Customizing dynamic agent certificates
Procedure to use customized certificates for the dynamic agent
About this task
To customize dynamic agent certificates, perform the following steps:
Procedure
-
On the master domain manager,
generate a self-signed certificate or issue a certificate sign request to a CA.

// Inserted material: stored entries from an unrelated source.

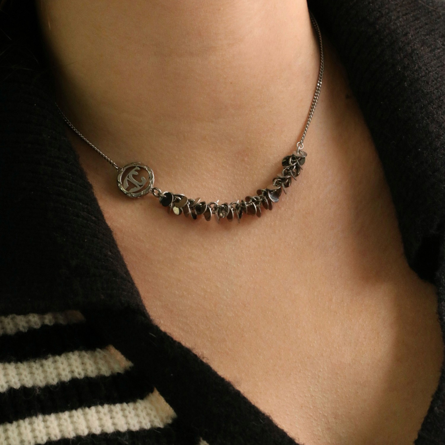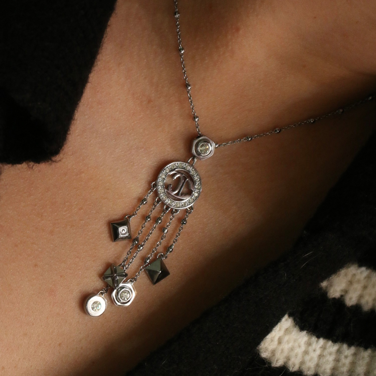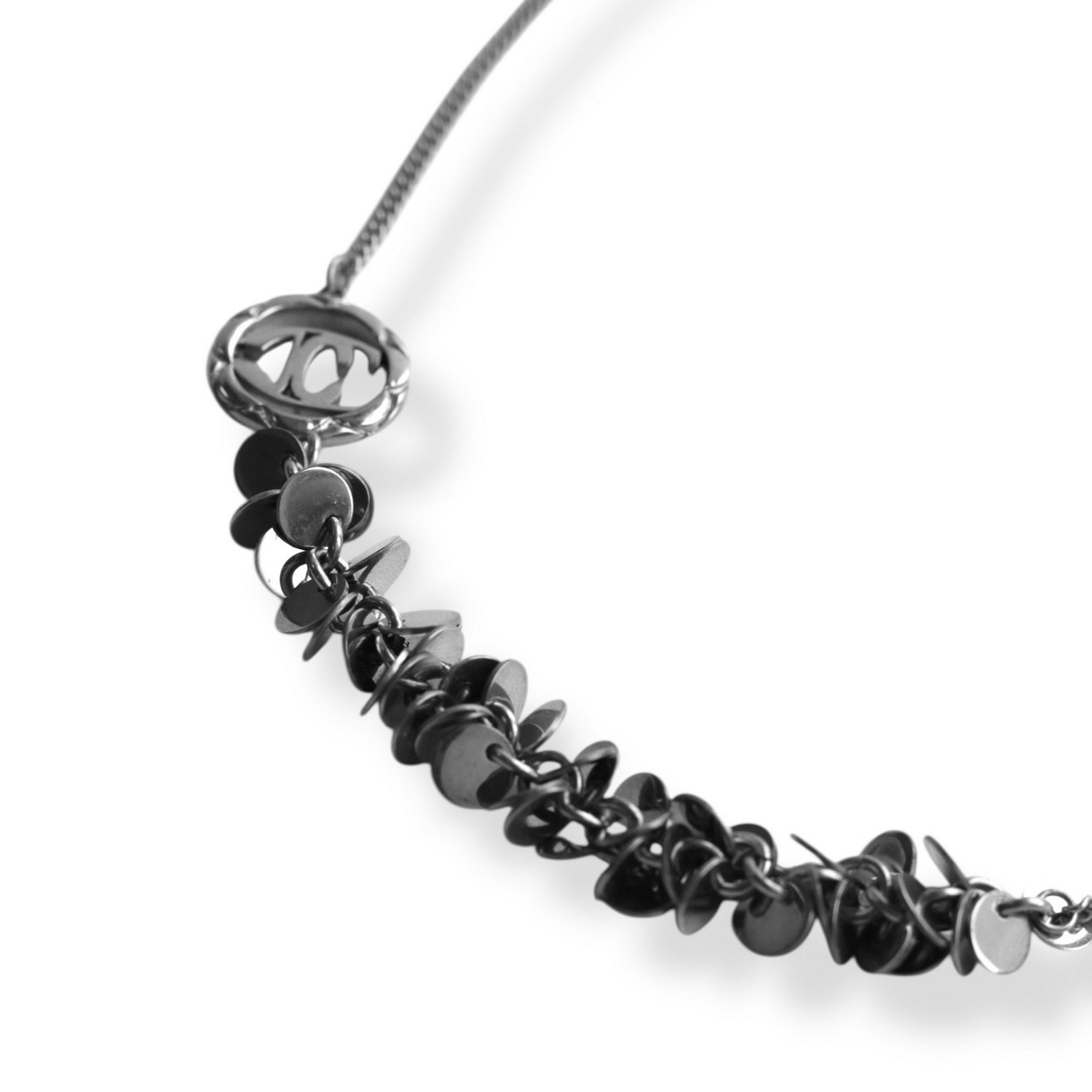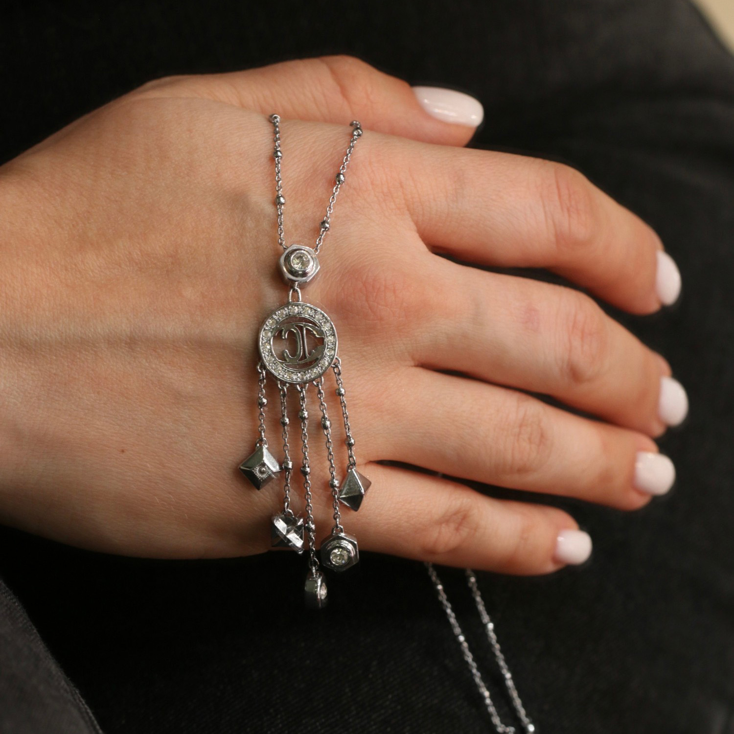 Колье Just Cavalli из стали покрытой родием, украшено цирконами. Длина регулируется от 41 до 45 см.
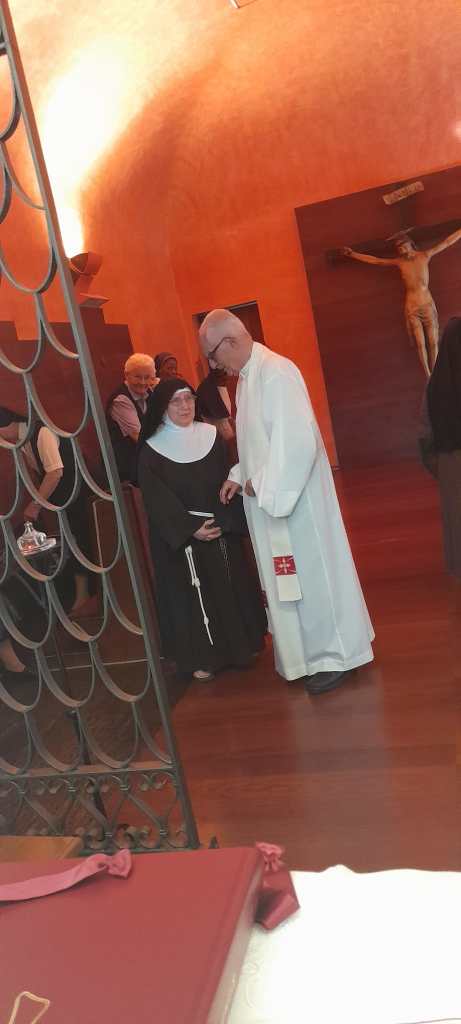 Santa chiara casta sorella di san Francesco : oggi é la memoria di santa Chiara, prima “donna” che volle seguire la vita proposta da Francesco d’Assisi. Francesco la accolse permettendole di ritirarsi presso la chiesetta di San Damiano, dove poi giunsero altre fanciulle dando vita alla comunità delle sorelle Clarissse, spose di Cristo, oranti in regime di clausura, vivendo unite a sorella povertà. A Roasio , sotto la diocesi di Vercelli, da a qualche hanno vive una piccola comunità di sorelle clarisse che ogni anno festeggiano la loro fondatrice con una solenne celebrazione eucaristica presieduta dal vescovo della diocesi Vercellese. Stamattina alle 10 la piccola Chiesetta del convento si è fatta più “spaziosa” per accogliere i numerosi fedeli desiderosi di onorare la santa e di solennizzare la celebrazione per le monache. In un bel clima raccolto si è svolta la celebrazione e l’omelia di sua eccellenza ha dato bellissimi spunti di riflessione. Ha parlato della “nostalgia di Dio ” che si sta diffondendo. Prova ne sia il grande numero di giovani presenti alla gmg ed anche il buon numero di fedeli presenti oggi. Sempre con il sorriso ed il viso radioso ha invitato i presenti a tenersi uniti a Cristo come “tralci ” uniti alla pianta, a far trasparire sempre la gioia di essere vicini a Gesù per invitare altri ad imitarlo. Le sorelle clarisse hanno subito messo in pratica l’invito contenuto in omelia salutando con il loro onnipresente sorriso e con la luce negli occhi i presenti presso la stanza dei colloqui dove avevano preparato un piccolo rinfresco. Noi terziari abbiamo potuto partecipare alla messa sentendoci particolarmente uniti alla comunità, già sede di incontri di catechesi. Ringrazio il Signore per questa splendida giornata cercando di “passare. ” a voi la gioia che oggi mi accompagna. Pace e bene
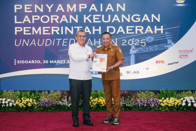 Bupati Sampang H. Slamet Junaidi menyerahkan Laporan Keuangan Pemerintah Daerah (LKPD) Unaudited Tahun Anggaran 2025 kepada Badan Pemeriksa Keuangan (BPK) Perwakilan Provinsi Jawa Timur di Gedung BPK Perwakilan Provinsi Jawa Timur, Sidoarjo, Senin (30/3/26).
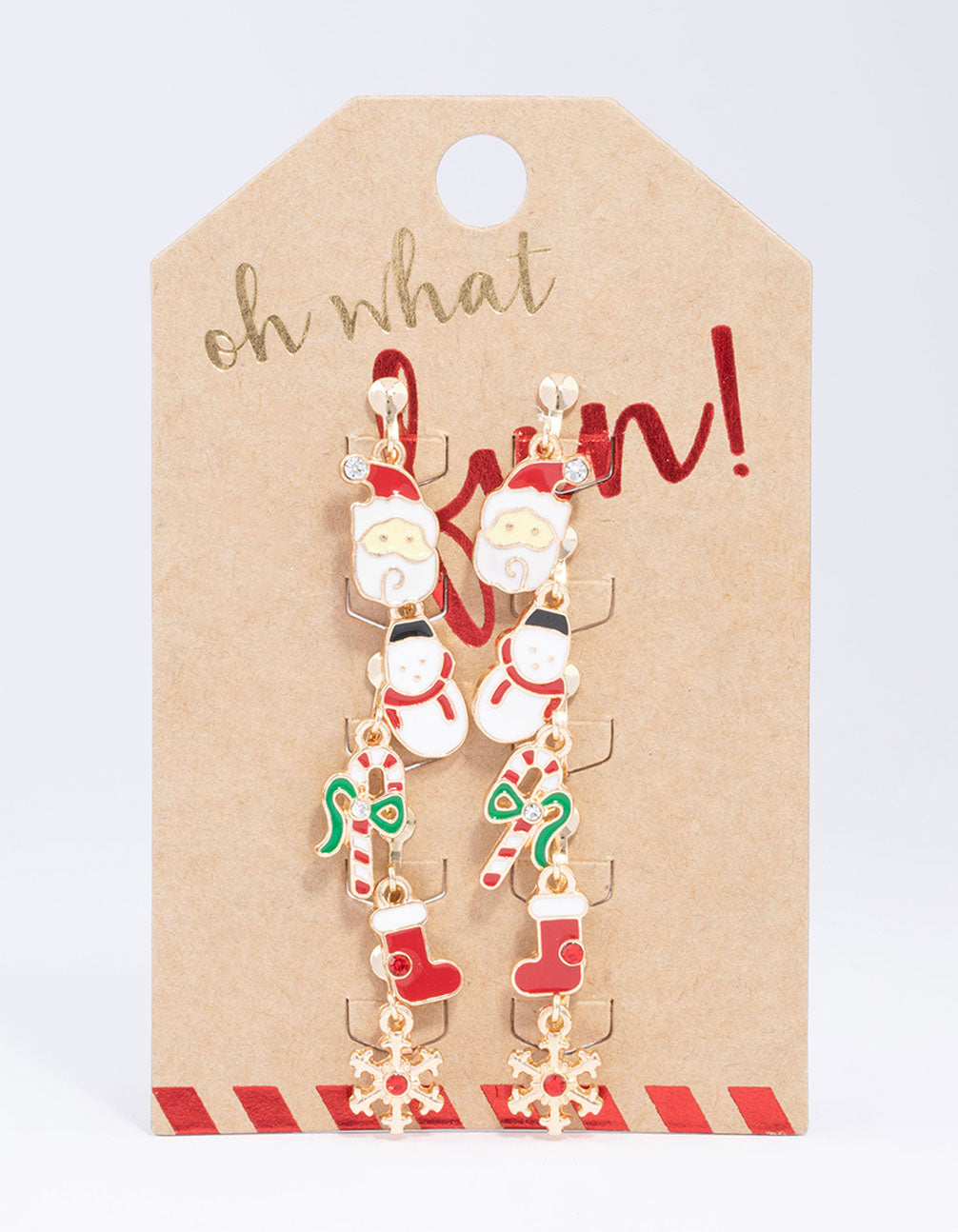 - This earring pack contains five sets of clip on earrings featuring snowmen, stockings, Santas and more.
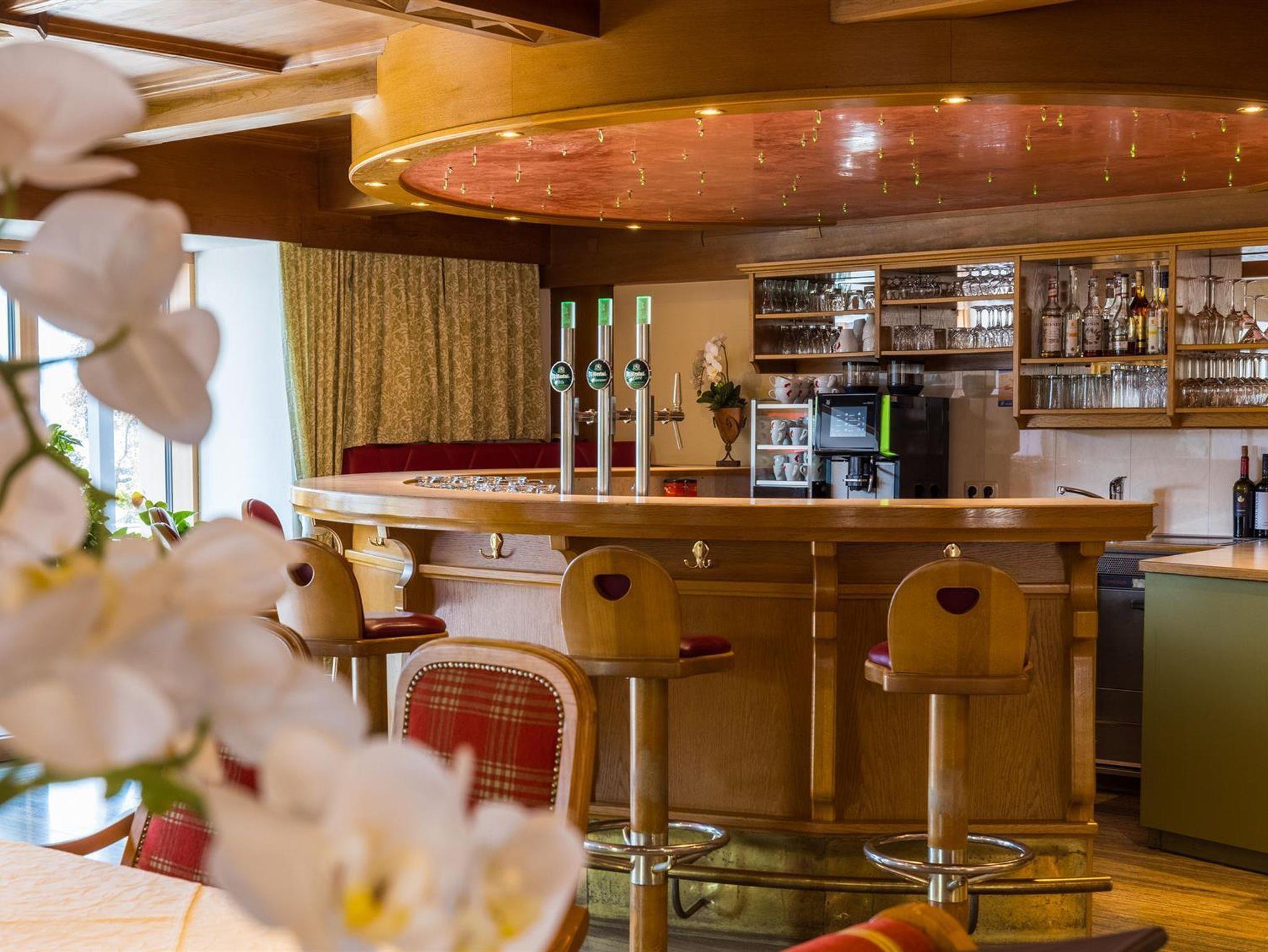 Die Hotelbar ist ein beliebter Treffpunkt bei Gästen und Einheimischen, ebenso in den Sommermonaten die Terrasse mit wunderbarem Blick auf die Tiroler Bergwelt.
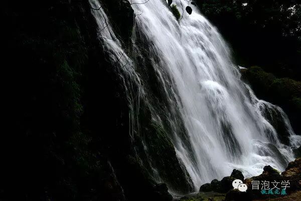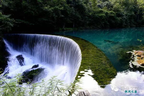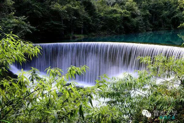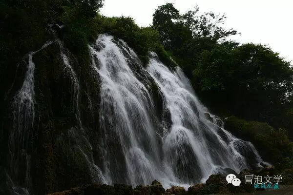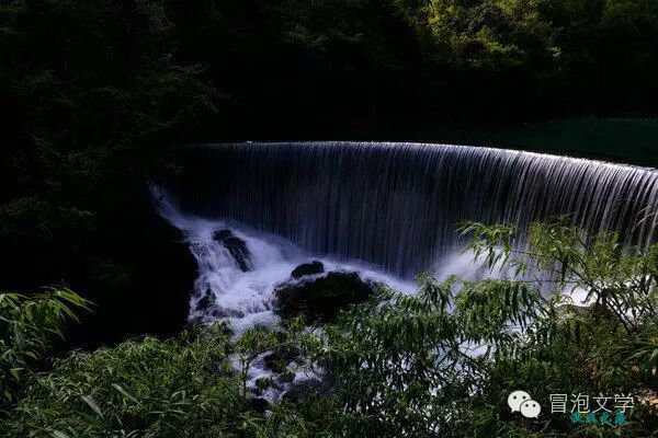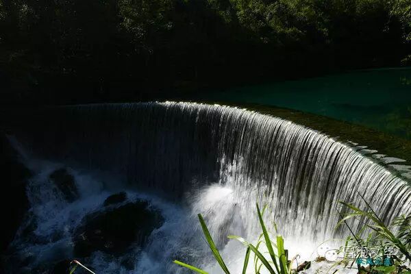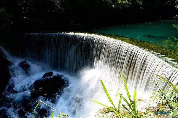 继续乘车上行,来卧龙潭边,一石砌拱形水库前,银珠成练,碧水若翡翠,阳光照射银练、碧潭,多少幻境在其间。
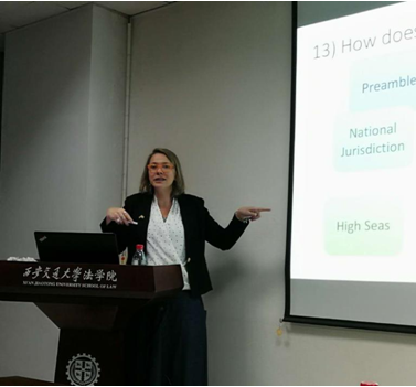 2018年12月14日,应开云·电子(中国)官方网站开云·电子(中国)官方网站李晓鸣副教授邀请,巴西FAESA开云·电子(中国)官方网站教授,美国麦肯尼开云·电子(中国)官方网站现任客座教授Stella Emery Santana来访我院,并为广大师生带来“公海环境保护”专题讲座,讲座由我院院长助理张生副教授主持,部分教师和博士生、研究生参与了讲座和互动环节。
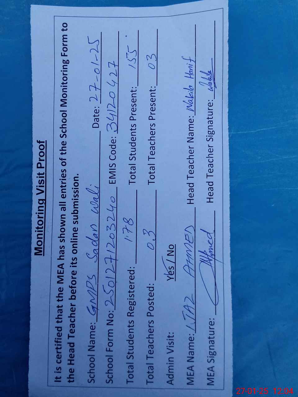| EMIS Code: 34120427 | Name of School: GMPS SADAN WALI | |||
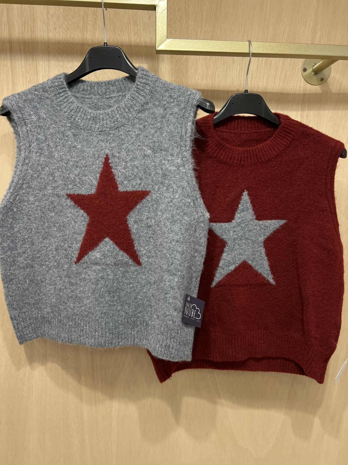 Chaleco sin mangas de punto con una gran estrella tejida en la parte delantera.
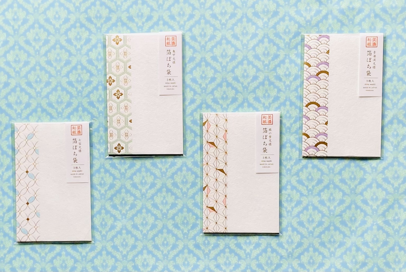 美濃和紙の箔押しぽち袋は七宝、亀甲、麻の葉、青海波の伝統お祝い文様を上品にあしらった特別感のある格調高いデザインです。各3枚入り透け防止の中紙付で440円(税込み)です。お祝いシーズンでもある春~ぜひご活用ください。
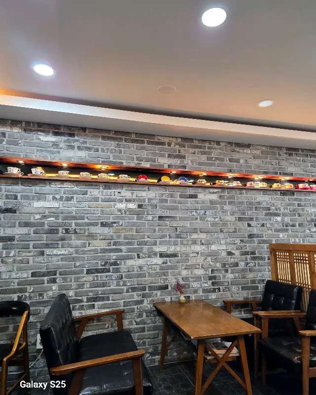내부는 생각보다 훨씬 아늑했다. 회색 벽돌 벽에는 엔틱한 찻잔들이 쪼르륵 진열되어 있는데, 그 모습이 마치 작은 박물관 같기도 했다. 나무 테이블과 낡은 듯 멋스러운 가죽 의자는 편안함을 더했고, 은은하게 켜진 조명은 공간 전체를 따뜻하게 감싸는 듯했다. 마치 시간이 멈춘 듯한, 그런 묘한 분위기가 너무 좋았다.

For example, you can generate the private key to be used for signing the custom
certificate by issuing the following command:
openssl genrsa -des3 -out tls.key 2048
-
Create the certificate sign request:
openssl req -new -key tls.key -out tls.csr -config /usr/Tivoli/TWS/OpenSSL64/1.0.0/bin/openssl.cnf
-
Send the .csr to the CA:
openssl x509 -req -in tls.csr -days 3650 -CA ca.crt -CAkey ca.key -CAcreateserial -out tls.crt
Note: If you do not specify the -CAcreateserial parameter, the default certificate validity of 30 days applies. - Run the AgentCertificateDownloader script on the dynamic agent. The script connects to the master domain manager, downloads the certificates in .PEM format (tls.key, tls.crt, ca.crt files), and deploys them to the agent. The certificates must be available on the master domain manager in a specific path. For more information, see Certificates download to dynamic agents - AgentCertificateDownloader script.
-
On the master domain manager,
import the CA certificate in the
TWSServerTrustFile.jks:
keytool -importcert -file ca.crt -keystore TWSServerTrustFile.jks -alias ca -trustcacerts
-
On the master domain manager,
extract the public key to a certificate file from the private key of the
master domain manager keystore
(TWSServerKeyFile.jks):
keytool -exportcert -alias server -file pkserver.cer -keystore TWSServerKeyFile.jks -storetype jks
-
On the master domain manager,
edit the TWA_DATA_DIR/broker/config/BrokerWorkstation.properties file and
update the list of authorized Common Names for the dynamic domain manager (broker). Append
the Common Name used for the custom certificate to the
Broker.AuthorizedCNs
property:Broker.AuthorizedCNs=Server;ServerNew;new_CN
-
On the dynamic agent,
add the certificate extracted at step 6 into the keystore of the dynamic agent
TWSClientKeyStore.kdb and into
TWSClientKeyStoreJKS.jks:
gsk8capicmd_64 -cert -add -db TWSClientKeyStore.kdb -file pkserver.cer -label server -trust enable -stashed
-
Add the same certificate to
TWSClientKeyStoreJKS.jks:
keytool -importcert -file pkserver.cer -keystore TWSClientKeyStoreJKS.jks -alias server
Configuring custom certificates for the remote broker resource CLI
About this task
To customize dynamic agent certificates, perform the following steps:
Procedure
-
On the dynamic agent, generate a self-signed certificate or import the certificate from a
certificate authority into the agent keystore
TWSClientKeyStore.kdb.
- Import the certification authority keys also into TWSClientKeyStoreJKS.jks.
- If you have generated a self-signed certificate in TWSClientKeyStore.kdb, export it and import it into TWSClientKeyStoreJKS.jks.
- On the dynamic agent, extract to a file the certificate generated at step 1 from the dynamic agent keystore.
- On the master domain manager, add the certificate extracted at step 2 into the truststore of the master domain manager (TWSServerTrustFileTrust.jks).